Exercise description — Beneath this line sits some data. Return only its lines from the one holding "4月6日,泰州市中醫(yī)" through the one holding "카피 발라 투명 연필", inclusive, exactly, with the images removed.

Material provided —

-*-*-

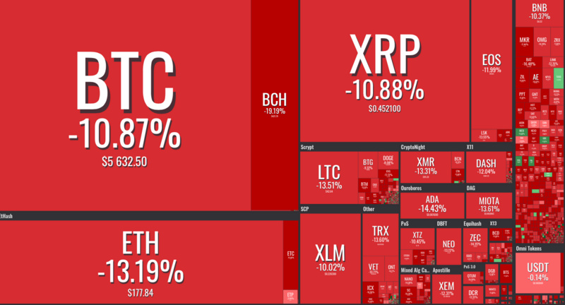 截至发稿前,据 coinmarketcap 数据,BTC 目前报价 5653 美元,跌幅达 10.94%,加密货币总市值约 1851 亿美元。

-*-*-

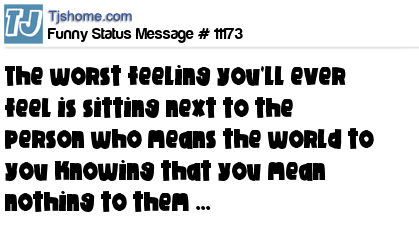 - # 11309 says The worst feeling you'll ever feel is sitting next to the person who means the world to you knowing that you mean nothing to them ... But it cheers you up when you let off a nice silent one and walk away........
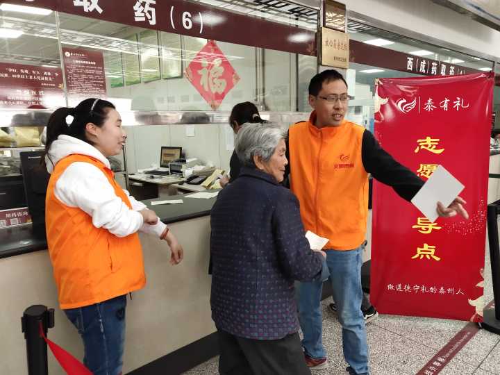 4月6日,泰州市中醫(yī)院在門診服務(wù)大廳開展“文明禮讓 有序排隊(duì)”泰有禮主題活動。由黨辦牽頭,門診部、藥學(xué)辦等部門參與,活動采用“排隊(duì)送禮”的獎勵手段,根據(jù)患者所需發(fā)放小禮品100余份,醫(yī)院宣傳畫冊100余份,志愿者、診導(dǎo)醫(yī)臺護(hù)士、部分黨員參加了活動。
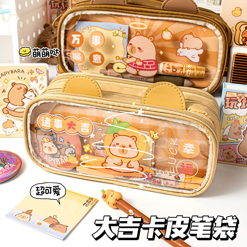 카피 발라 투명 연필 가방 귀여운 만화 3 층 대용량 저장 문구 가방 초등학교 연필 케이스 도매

-*-*-

Response to the exercise —
 4月6日,泰州市中醫(yī)院在門診服務(wù)大廳開展“文明禮讓 有序排隊(duì)”泰有禮主題活動。由黨辦牽頭,門診部、藥學(xué)辦等部門參與,活動采用“排隊(duì)送禮”的獎勵手段,根據(jù)患者所需發(fā)放小禮品100余份,醫(yī)院宣傳畫冊100余份,志愿者、診導(dǎo)醫(yī)臺護(hù)士、部分黨員參加了活動。
 카피 발라 투명 연필 가방 귀여운 만화 3 층 대용량 저장 문구 가방 초등학교 연필 케이스 도매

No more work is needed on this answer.